Some examples of narrow transformations are:

#### **Map**

A given function is applied for each pair of key-value to generate an intermediate key-value. You can combine multiple Map functions.

**In simple terms**

Imagine you have a list of items, and for each item, you want to perform a specific operation or transformation. The \"map\" operation takes each item in the list, applies a function to it, and produces a new list with the transformed items.

In [None]:
?rdd.map

**Example**

In [None]:
doubled_rdd = rdd.map(lambda x: x * 2)
doubled_rdd.collect()

#### **Filter**
Return a new RDD containing only the elements that satisfy a predicate.

In [None]:
?rdd.filter

**Example**

In [None]:
even_rdd = rdd.filter(lambda x: x % 2 == 0)
even_rdd.collect()

### **Wide Transformations**

This transformations need to use data from other partitions and, thus, perform a Shuffle

#### **The Shuffle Process**

It's the process of redistributing the data across the partitions. This can involve reorganizing the data within a single machine or moving data across multiple machines in the cluster. Shuffling can be expensive in terms of performance because it involves disk I/O, data serialization, and network I/O.

**In simple terms**

Imagine you're a school teacher, and you've given each student in your class a card with a number on it. Initially, the students are seated randomly. Now, you want to group them based on the number they hold, say, all students holding even numbers on one side and those with odd numbers on the other.

To do this, students would have to get up, move around, and find their new positions based on their card numbers. This process of rearranging is analogous to the "shuffle" operation in Spark.

**Why does shuffle happen?**

Shuffle usually occurs during operations that require data reorganization. Common operations in Spark that cause shuffling include:

- **groupBy**: Grouping data by certain keys.
- **reduceByKey**: Reducing data by key.
- **join**: Joining two datasets based on keys.

**Why is shuffle important?**

Understanding shuffle is essential because:

- **Performance Implications**: Shuffling can be a performance bottleneck. It involves writing data to disk, transferring data over the network, and reading data back into memory. If you're aware of when shuffling occurs, you can potentially optimize your Spark jobs to minimize shuffling.

- **Resource Management**: Shuffling can consume a significant amount of resources. Knowing when and why shuffling is happening can help in tuning the Spark configuration and resources appropriately.

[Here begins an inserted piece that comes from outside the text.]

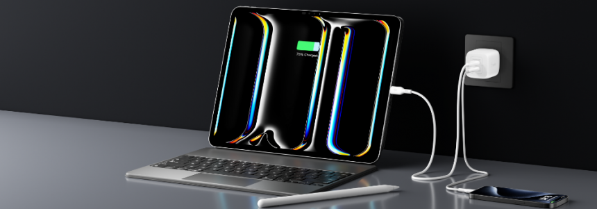 Середній сегмент охоплює пристрої потужністю приблизно 45-60 Вт. Ці адаптери розраховано на заряджання планшетів і ноутбуків. Доступні моделі оснащено двома рознімами USB-C, що дають змогу під’єднувати два пристрої без втрати ефективності. Тож більше не потрібно вибирати «важливіший» пристрій.

Some examples of wide transformations are:

#### **GroupBy**
Groups items by a condition

In [None]:
?rdd.groupBy

**Example**

In [None]:
even_odd_groups_rdd = rdd.groupBy(lambda x: x % 2 == 0)
[[elem[0], list(elem[1])] for elem in even_odd_groups_rdd.collect()]

#### **Repartition**
Rearranges the RDD to match the new number of partitions with equal size of partitions.

In [None]:
?rdd.repartition

**Example**

In [None]:
rdd_1_partitions = rdd.repartition(1)
rdd_3_partitions = rdd.repartition(3)
print(rdd.glom().collect())
print(rdd_1_partitions.glom().collect())
print(rdd_3_partitions.glom().collect())

#### **Coalesce**
Rearranges the RDD to match the new number of partitions with equal size of partitions. If `shuffle` is `False`, you can only reduce the number of partitions and the transformation will be **narrow**.

In [None]:
?rdd.coalesce

**Example**

In [None]:
rdd_1_partitions = rdd.coalesce(1)
rdd_3_partitions = rdd.coalesce(3)
print(rdd.glom().collect())
print(rdd_1_partitions.glom().collect())
print(rdd_3_partitions.glom().collect())

## Actions
- Operations that evaluates all the transformations defined.
- Forces the evaluation to save or use the result data.

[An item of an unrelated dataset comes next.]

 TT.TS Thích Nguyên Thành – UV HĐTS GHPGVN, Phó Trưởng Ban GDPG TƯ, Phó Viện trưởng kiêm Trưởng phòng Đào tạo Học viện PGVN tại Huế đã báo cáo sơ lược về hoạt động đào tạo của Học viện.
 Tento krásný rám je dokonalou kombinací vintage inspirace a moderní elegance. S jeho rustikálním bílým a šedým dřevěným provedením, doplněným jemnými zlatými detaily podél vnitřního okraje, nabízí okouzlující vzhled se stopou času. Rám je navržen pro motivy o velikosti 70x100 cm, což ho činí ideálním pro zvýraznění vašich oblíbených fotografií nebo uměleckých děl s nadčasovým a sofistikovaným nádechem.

Some examples of actions are:

#### **Reduce**

A combination function that groups each key to calculate the aggregation of the multiple values associated to the key.

**In simple terms**

After you've transformed your list using "map", you might want to combine these items in some way to produce a single result. That's where "reduce" comes in. "Reduce" takes the list and applies a function that combines two items at a time, repeatedly, until only one item (a single result) remains.

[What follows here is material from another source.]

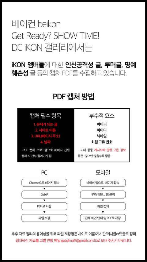 아이코닉들 세커뮤 연합해서 고소진행한다니까 지금까지 피디엪딴거랑 지금부터 따는거랑 모조리 여기로 보내줘 여기서 사과는 받았어도 짹에서는 우리 까는 인간 수두룩하고 무개념들 고소는 제대로 해야할것같아서 여기에다가도 올려
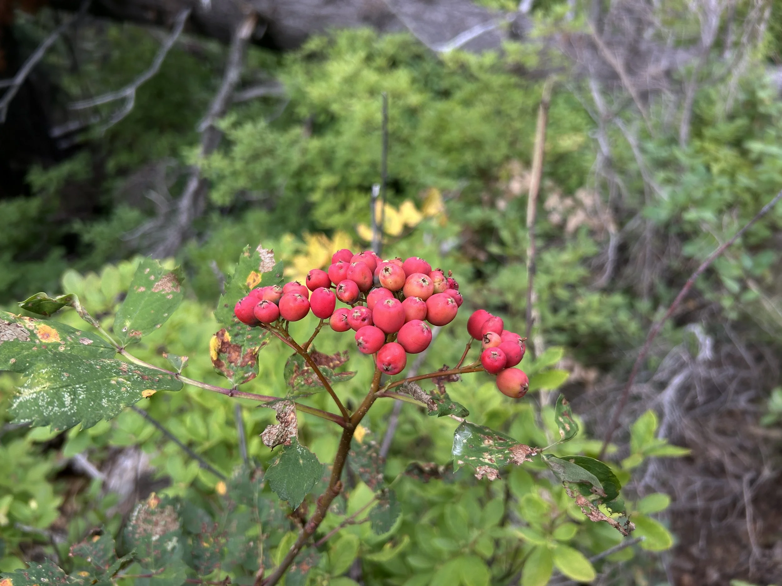You may notice these red American Mountain-ash berries along the trail, and while they are considered edible, I have read that they are not very good to eat raw.

It's like folding a long piece of paper: you take two adjacent sections, fold them together, then fold the resulting piece with the next section, and so on, until you're left with a small, folded chunk.

In [None]:
?rdd.reduce

**Example**: Using the list of doubled numbers from before, \\([2, 4, 6, 8, 10]\\), let's say you want to find their sum. Using a \"reduce\" operation, you'd combine two numbers at a time until you get the total sum: \\(2 + 4 = 6\\), \\(6 + 6 = 12\\), \\(12 + 8 = 20\\), and \\(20 + 10 = 30\\). The final result is \\(30\\).

In [None]:
def add(x, y):
    res = x + y
    print(f'{x} + {y} = {res}')
    return res

sum_result = doubled_rdd.reduce(add)
sum_result

#### **Fold**

Applies the reduction function combining elements together, but including a zero value for each reduction step (partition=.

**In simple terms**

Is the same as the Reduce function but also recieves an initial value called `zeroValue`

In [None]:
?rdd.fold

**Example**

In [None]:
doubled_rdd.glom().collect()

In [None]:
fold_result = doubled_rdd.fold(3, add)
fold_result

In [None]:
fold_result = doubled_rdd.coalesce(1).fold(3, add)
fold_result

In the following image you can see the process of counting words for a list of sentences performing Map, Shuffle and Reduce.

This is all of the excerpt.